Many find themselves defending the miraculous and others try explaining a logical reason that He made the food multiply. As my priest mentioned in the homily yesterday, we tend to get caught up in the miraculous and "the proof" upholding the story.

We worry about defending a miracle. We trip up in the face of the hard questions.

Perhaps those in the crowd packed a bag of food to feed their families. Perhaps they shared with those around them, enriching the miraculous with selflessness like Jesus preached. Maybe the Gospel writers just neglected to report that Bartholomew/Nathaniel went on a pizza run.

Rather than concentrating on the miracle, an integral part of the life and mission of Jesus Christ, let's consider the other factors. What can we absolutely recognize in the account?

Five-thousand men walked to a deserted area, listened to Jesus, mimicking what we now recognize as a Sunday church service. It was not the Sabbath, otherwise someone would be up in arms about Jesus speaking to the crowds or performing a miracle.

Therefore, we can conclude these people either walked away from their normal work duties, leaving the fish sorting for later, or spent their limited free time with the teacher from Nazareth.

No one had a college degree. Their country was occupied by Rome and they were also ruled by the high-ranking Jewish priests. No one had an easy life, yet they carved out the time to listen to Jesus preach.

How often do we do that? We have a whole faith tradition and several community pockets supporting our belief system and we still struggle to make time for Him.

These people just thought he was a good teacher; they had no reason but His caring speech to project that He was as special as He was.

(I don't own the rights)
Do we treat time with Jesus like these first listeners did? To what activities in our lives do we dedicate that time?

Often, I'm quick to miss Mass because it's inconvenient. When I was swimming, I missed Mass every single weekend I had a swim meet.

Sometimes we easily convince ourselves that God will Love us whether or not we make it to Mass to share in the Word and Eucharist. We're fortunate, because He will Love us, no matter what we do.
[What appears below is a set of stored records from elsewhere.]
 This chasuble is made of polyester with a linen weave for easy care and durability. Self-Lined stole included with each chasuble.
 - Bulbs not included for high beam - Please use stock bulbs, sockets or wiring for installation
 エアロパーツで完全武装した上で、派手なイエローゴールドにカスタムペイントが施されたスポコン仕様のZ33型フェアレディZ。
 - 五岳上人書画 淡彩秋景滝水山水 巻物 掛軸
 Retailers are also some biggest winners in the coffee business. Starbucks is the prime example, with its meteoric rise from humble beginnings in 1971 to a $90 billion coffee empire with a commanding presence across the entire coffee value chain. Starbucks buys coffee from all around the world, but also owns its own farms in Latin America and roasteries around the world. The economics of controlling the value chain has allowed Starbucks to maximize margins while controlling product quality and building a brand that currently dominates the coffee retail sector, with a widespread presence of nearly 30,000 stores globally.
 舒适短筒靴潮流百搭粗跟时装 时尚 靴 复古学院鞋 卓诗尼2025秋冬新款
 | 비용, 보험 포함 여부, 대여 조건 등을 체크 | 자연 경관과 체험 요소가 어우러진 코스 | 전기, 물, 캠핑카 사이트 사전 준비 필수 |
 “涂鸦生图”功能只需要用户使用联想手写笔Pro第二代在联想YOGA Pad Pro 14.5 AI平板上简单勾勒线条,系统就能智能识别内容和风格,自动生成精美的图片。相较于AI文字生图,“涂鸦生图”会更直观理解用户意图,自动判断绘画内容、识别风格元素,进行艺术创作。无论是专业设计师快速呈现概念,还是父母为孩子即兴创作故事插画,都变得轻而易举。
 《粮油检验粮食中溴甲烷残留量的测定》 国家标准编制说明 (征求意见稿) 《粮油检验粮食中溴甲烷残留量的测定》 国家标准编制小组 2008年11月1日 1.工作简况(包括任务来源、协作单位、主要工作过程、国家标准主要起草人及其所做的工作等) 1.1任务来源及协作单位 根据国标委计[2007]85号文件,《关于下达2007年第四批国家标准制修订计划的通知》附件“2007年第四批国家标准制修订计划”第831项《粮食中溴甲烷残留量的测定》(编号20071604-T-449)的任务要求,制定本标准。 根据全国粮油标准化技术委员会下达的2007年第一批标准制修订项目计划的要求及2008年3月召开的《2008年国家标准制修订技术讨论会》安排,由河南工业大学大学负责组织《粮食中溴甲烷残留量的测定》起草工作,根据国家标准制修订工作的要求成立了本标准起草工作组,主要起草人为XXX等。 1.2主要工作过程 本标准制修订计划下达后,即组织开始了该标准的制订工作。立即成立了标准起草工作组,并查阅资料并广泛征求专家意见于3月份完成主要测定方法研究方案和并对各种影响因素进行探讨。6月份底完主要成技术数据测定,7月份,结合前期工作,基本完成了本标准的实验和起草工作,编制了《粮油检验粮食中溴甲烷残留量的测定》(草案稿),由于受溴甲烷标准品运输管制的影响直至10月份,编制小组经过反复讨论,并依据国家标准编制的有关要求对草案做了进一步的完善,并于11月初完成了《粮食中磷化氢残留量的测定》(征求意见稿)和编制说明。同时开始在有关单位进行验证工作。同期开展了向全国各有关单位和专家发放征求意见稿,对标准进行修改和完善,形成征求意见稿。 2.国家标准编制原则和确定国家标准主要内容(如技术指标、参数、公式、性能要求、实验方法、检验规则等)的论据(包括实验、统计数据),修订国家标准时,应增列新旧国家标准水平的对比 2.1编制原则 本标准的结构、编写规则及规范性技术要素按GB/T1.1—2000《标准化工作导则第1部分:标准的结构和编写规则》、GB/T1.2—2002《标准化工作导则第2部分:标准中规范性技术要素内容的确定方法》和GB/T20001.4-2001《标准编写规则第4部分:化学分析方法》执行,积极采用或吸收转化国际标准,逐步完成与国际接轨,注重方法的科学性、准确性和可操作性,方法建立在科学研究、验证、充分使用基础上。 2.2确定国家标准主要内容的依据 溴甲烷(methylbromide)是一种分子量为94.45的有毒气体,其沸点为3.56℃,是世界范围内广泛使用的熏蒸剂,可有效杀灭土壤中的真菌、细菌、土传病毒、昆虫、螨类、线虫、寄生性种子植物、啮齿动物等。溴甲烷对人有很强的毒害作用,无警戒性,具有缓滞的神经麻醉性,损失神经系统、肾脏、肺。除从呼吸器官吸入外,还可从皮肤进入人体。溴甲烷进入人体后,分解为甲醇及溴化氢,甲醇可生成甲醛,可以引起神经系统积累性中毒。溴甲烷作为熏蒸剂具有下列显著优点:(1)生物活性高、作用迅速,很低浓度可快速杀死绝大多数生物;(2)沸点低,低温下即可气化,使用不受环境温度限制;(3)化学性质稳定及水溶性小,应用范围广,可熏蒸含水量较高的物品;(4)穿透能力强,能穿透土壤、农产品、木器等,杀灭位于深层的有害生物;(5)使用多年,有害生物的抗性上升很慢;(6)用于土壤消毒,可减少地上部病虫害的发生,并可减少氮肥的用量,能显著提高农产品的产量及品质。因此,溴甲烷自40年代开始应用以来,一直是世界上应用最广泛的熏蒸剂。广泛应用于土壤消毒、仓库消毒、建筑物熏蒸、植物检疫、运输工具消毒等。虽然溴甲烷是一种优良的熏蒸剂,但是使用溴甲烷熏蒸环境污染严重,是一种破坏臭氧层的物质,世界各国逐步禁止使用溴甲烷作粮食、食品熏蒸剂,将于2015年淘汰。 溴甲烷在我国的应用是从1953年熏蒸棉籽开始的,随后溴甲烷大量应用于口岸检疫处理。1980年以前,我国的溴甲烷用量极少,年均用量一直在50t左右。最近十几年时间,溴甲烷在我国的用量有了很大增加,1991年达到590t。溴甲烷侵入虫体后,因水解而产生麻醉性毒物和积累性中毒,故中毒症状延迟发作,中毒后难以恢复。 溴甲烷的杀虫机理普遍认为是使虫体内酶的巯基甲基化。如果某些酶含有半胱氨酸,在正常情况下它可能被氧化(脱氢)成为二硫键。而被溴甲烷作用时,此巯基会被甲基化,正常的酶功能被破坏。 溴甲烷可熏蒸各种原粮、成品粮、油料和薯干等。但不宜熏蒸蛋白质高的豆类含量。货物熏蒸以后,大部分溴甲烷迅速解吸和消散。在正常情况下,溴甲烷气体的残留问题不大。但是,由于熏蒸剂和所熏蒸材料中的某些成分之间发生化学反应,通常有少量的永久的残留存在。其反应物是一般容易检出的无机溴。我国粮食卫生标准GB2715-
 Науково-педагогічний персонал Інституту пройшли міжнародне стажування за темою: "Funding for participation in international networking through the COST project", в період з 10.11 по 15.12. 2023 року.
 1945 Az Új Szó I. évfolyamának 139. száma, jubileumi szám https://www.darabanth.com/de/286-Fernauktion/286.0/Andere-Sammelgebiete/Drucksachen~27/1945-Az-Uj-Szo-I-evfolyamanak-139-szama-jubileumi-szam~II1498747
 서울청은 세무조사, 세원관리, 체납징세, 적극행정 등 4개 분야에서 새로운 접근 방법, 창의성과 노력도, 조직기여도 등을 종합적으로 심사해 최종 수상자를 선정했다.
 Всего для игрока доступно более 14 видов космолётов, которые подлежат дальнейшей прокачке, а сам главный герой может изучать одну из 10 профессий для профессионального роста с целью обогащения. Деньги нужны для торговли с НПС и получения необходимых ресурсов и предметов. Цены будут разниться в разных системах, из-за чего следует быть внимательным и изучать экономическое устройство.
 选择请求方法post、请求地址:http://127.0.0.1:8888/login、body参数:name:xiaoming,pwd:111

But since when do we want to give Him "just enough?"

Leave work, leave the things the occupy your mind most of the week, leave your fears about stories such as these. Come join the community of listeners and share in the Eucharistic meal.

3 comments:

Unknown said...

GREAT post. Thank you for this!

Marc Cardaronella said...

You know, that's a good point! I never thought about the fact that 5,000 men left what they were doing to follow Jesus for 3 days. They must have had other stuff going on in their lives like...jobs, maybe? Sometimes I have a hard time just popping over to the church for a quick hello and I work right next door!

Thanks for the reminder to leave some of my distractions and go spend some time listening to Jesus.

seashore said...

I love this post. I posted about the same passage from mass this week. It seems that when we get all caught up in explaining the miracle that we miss everything else that the scripture is trying to tell us. Thanks for the insight.